One scene that did resonate though, was the goofy brother in law to be and his lone wolf analogy. I’ve always felt like a lone wolf. I’m an only child and I love it. I loved it while growing up and I love it now as an adult. I’ve never wanted or craved for a sibling. Well, there was this one time in 2nd grade when I asked for an older brother. I didn’t actually want an older brother, but my friend Shanti had convinced me that it was cooler to have your older brother walk you to school instead of your mom. My parents glanced at each other, then at me. Neither uttered a word and theirs expressions forced me figure out the impossibility of creating an older sibling.
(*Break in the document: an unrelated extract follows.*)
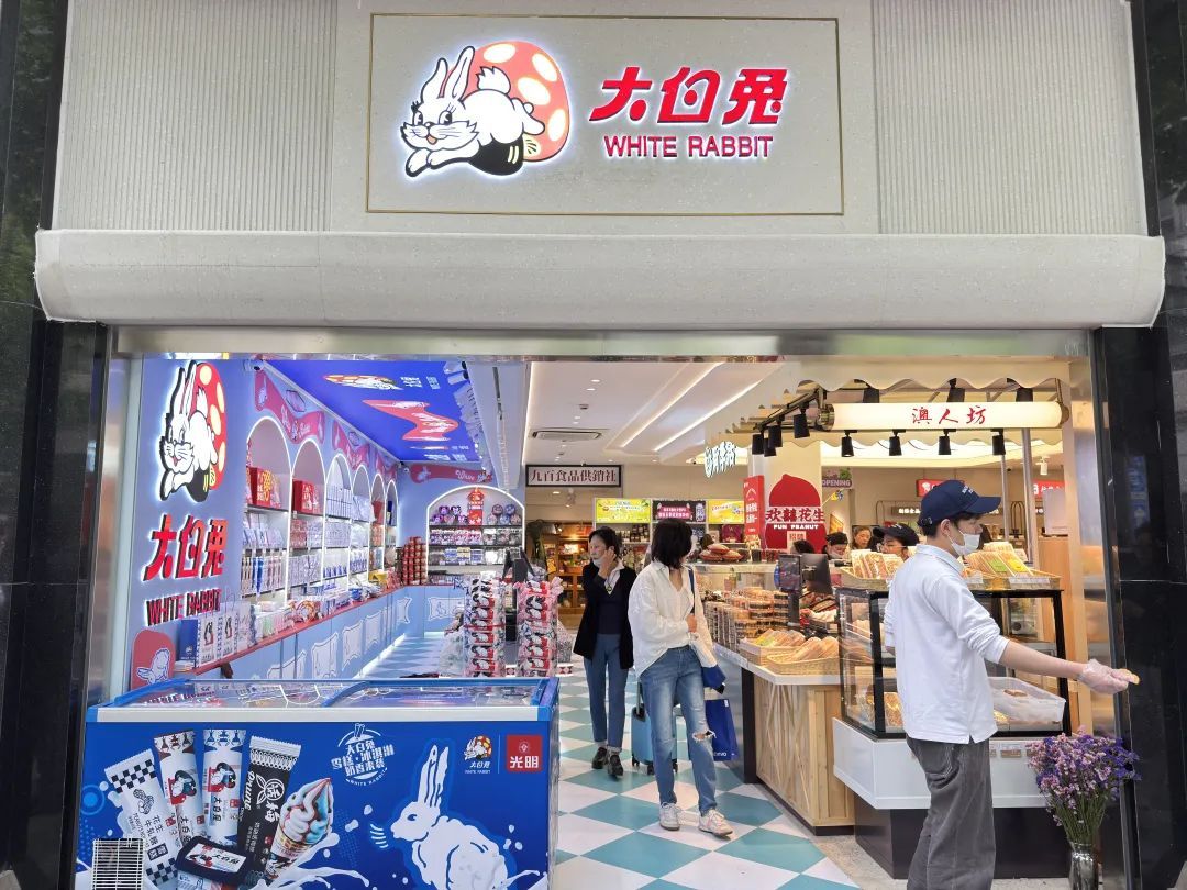 新店升级开业后,有不少年轻父母带着孩子前来“寻味”童年回忆。门口的大白兔冰柜里盛放着满满的小辰光味道,光明冰砖、大白兔冰淇淋、大白兔雪糕、三色杯,吸引不少路过的市民游客驻足。
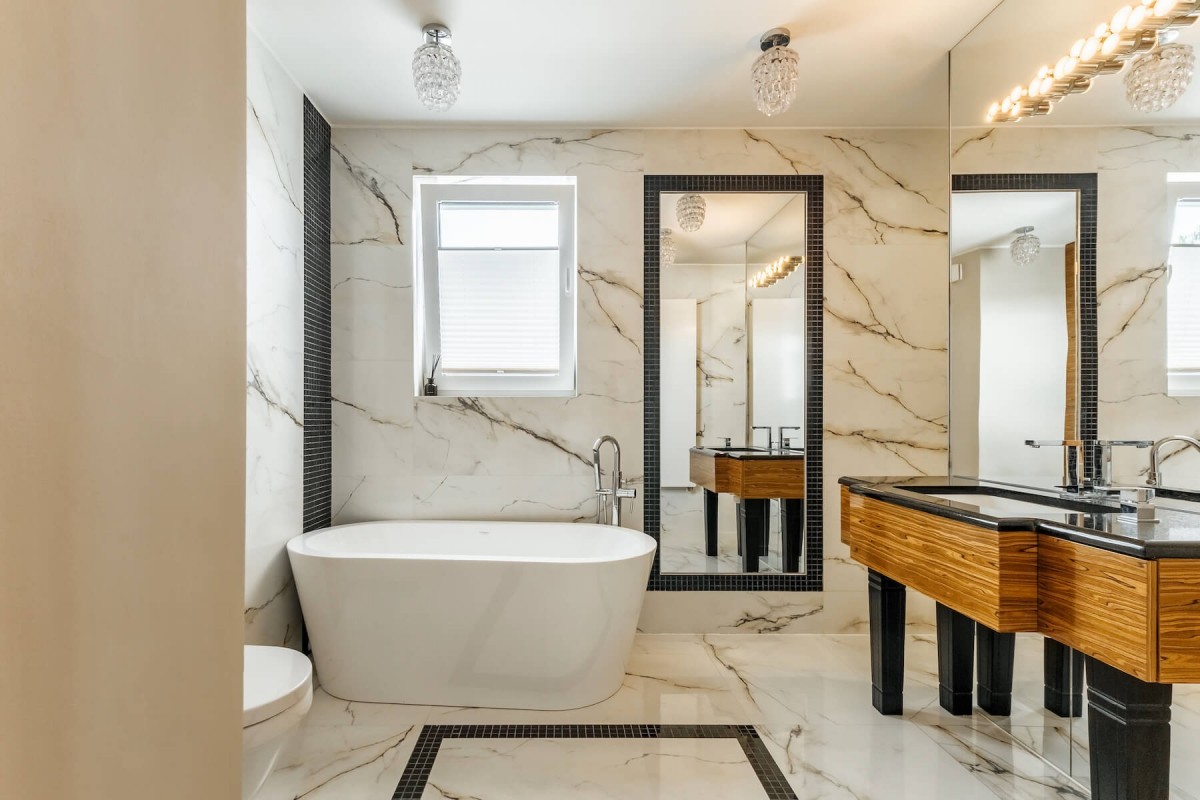 – sypialnię typu master z łazienką z wanną i prysznicem, garderobą i dodatkową toaletką;

After that moment, I was fine in my onlyness. I loved creating solo games, playing different characters, writing creative stories and never having to share my parents. *lol* I enjoyed the company of others, especially my parents, but I was essentially a happy loner. And, now, as an adult, I’m still a loner. Don’t get me wrong – I like people. I have fantastic family, friends and framily who I love spending time with. However, I love my own company the best. I keep my own council and don’t open up to others very easily. I am definitely a talker but as a true introvert, after spending time with lots of people, I need solitude to recharge myself.
Over the years, I have let a few folks into my wolfpack, but in my heart, I’m truly a lone wolf.